Ming the Mechanic
The NewsLog of Flemming Funch

Tuesday, April 13, 2004day link 

 Virtual IM
picture BBC, via Marc's Voice: A Matrix Online game is being released that includes built-in AOL Instant Messaging. That means that anyone with AIM, ICQ or iChat will be able to receive messages from inside the game in real time.

Nothing technically very remarkable about that, but it is somehow intriguing. Links between virtual and real worlds. Of course one can take it further, to be able to make voice or video calls between a virtual world and the normal tools on my desktop. Would I then be looking at an avatar in the middle of chasing a monster?

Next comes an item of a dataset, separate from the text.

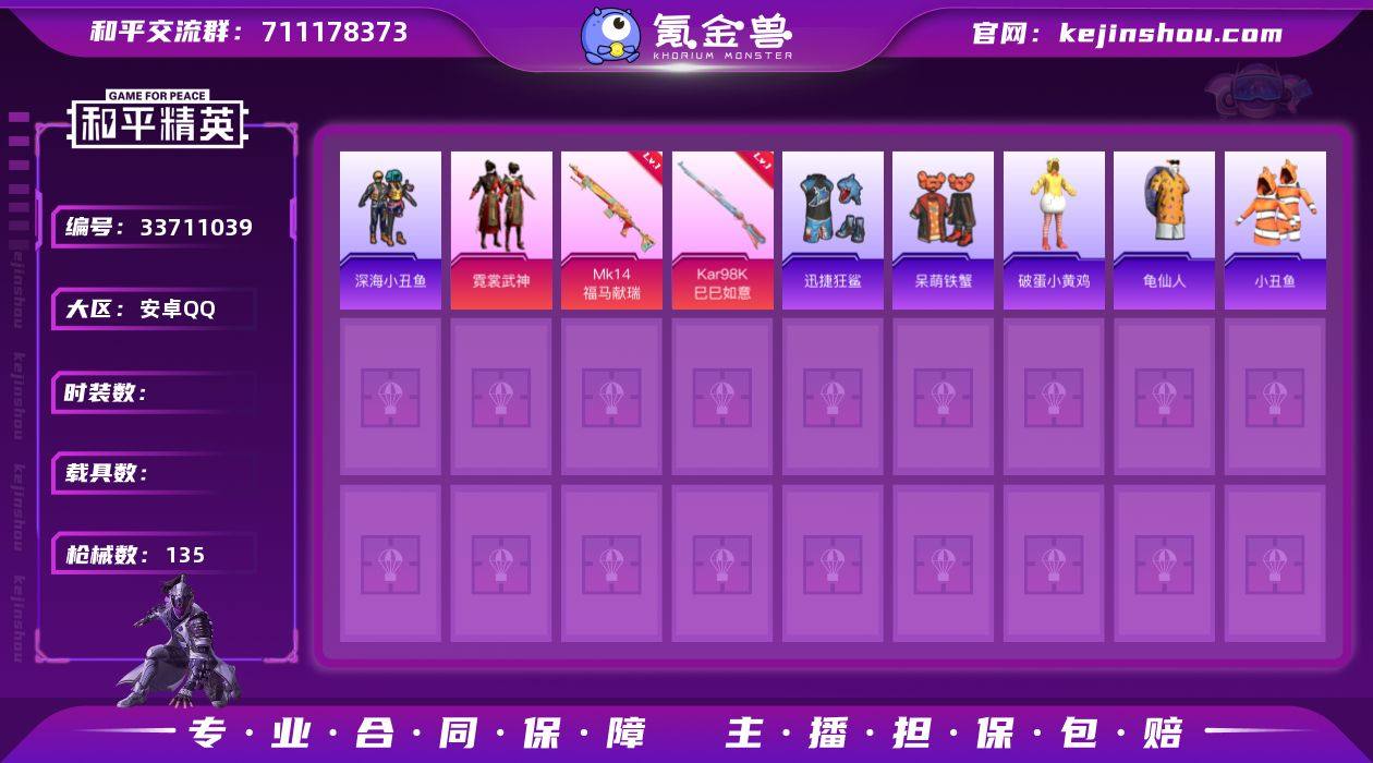 XS11608【粉装2 特效枪4 深海小丑鱼 龟仙人 蓝螳螂】安卓手Q-2粉装-4特效枪-132套装-135枪皮-6王牌印记-坚韧铂金Ⅴ-38863热力值【2粉装】霓裳武神,角色-异瞳寒姬【4特效枪】Kar98K-巳巳如意[5级],AKS-74U-森灵之息[5级],ACE32-萌骑漫游[5级],Mk14-福马献瑞[5级]【2稀有】深海小丑鱼,小丑鱼【6飞行器】极意拳锋飞行器,太空嘟嘟飞行器,炫彩糖果飞行器,狂鲨锋刃飞行器,马上有福飞行器,光之冒险尾迹【1头盔】深海小丑鱼头盔【1背包】深海小丑鱼背包【259其它衣服和枪皮】午间小调,竞技达人朋克,牛气满满,SS21特训,画境星梦,潮流炫酷,核芯基因,白糯汤圆,沙漠毒蛇,元素星魂,特战装甲,SS31特训,阳光菠萝,海岛探路者,萌黄之夏,都市魅力,破蛋小黄鸡,深蓝色名流,角色-Mark.06,SS33特训,冰河战士,完美偶像,黄色运动,SS25特训,角色-绯影武装,创世·追猎,蓝彩潮人,锦衣飞扬,橘黑制服,黄色名流,甜蜜告白,SS22特训,SS37特训,SS29特训,探宝勇士,龙魂突击队,SS26特训,滨海厨神,牛气冲天,魅力单车,战术大师,顶瓜瓜,鹤鸣,SS36特训,湖蓝色名流,SS35特训,特训学院,骑行爱好者,马上有钱,SS24特训,荣耀,酷潮明星,灼焰舞者,SS18特训,SS19特训,迅捷狂鲨,狙击之神,冷焰舞者,街头潮人,绮丽涂鸦,云魄琉璃,...

Reminds me of AlphaWorld 8 years ago, where I was trying to figure out how to create meaningful links with the outside world. One could use outside graphics files to paste on signs and virtual screens. So I could make "fake" graphics files that ran a program on my server, which would IM me that somebody just came by and looked at my building. And I could of course have made the picture show some dynamically generated information in return.
[ | 2004-04-13 19:19 | 1 comment | PermaLink ]  More >

 File sharing economics
From Mopsos:
Felix Oberholzer of the Harvard Business School and Koleman Strumpf of UNC Chapel Hill just completed an extensive empirical analysis of p2p sharing which concludes that
Downloads have an effect on sales which is statistically indistinguishable from zero.
Now that's interesting. Is the battle for IP protection based on false assumptions? Could it be after all about maintaining a status quo, so that intermediates who used to provide a valuable service before P2P technology existed can still make money even though the value of the service they provide has reduced dramatically?
Could it be? Maintaining the status quo? Why would the music industry do such a thing? Because they in danger of going extinct, that is, and their model no longer makes sense. It is close to being a lie that file sharing hurts their sales. The analysis figured that maybe 5000 file sharing downloads might make one of them decide not to buy a CD. And other studies show that file sharing in many cases increase sales, making people buy a CD they wouldn't have been aware of without file sharing.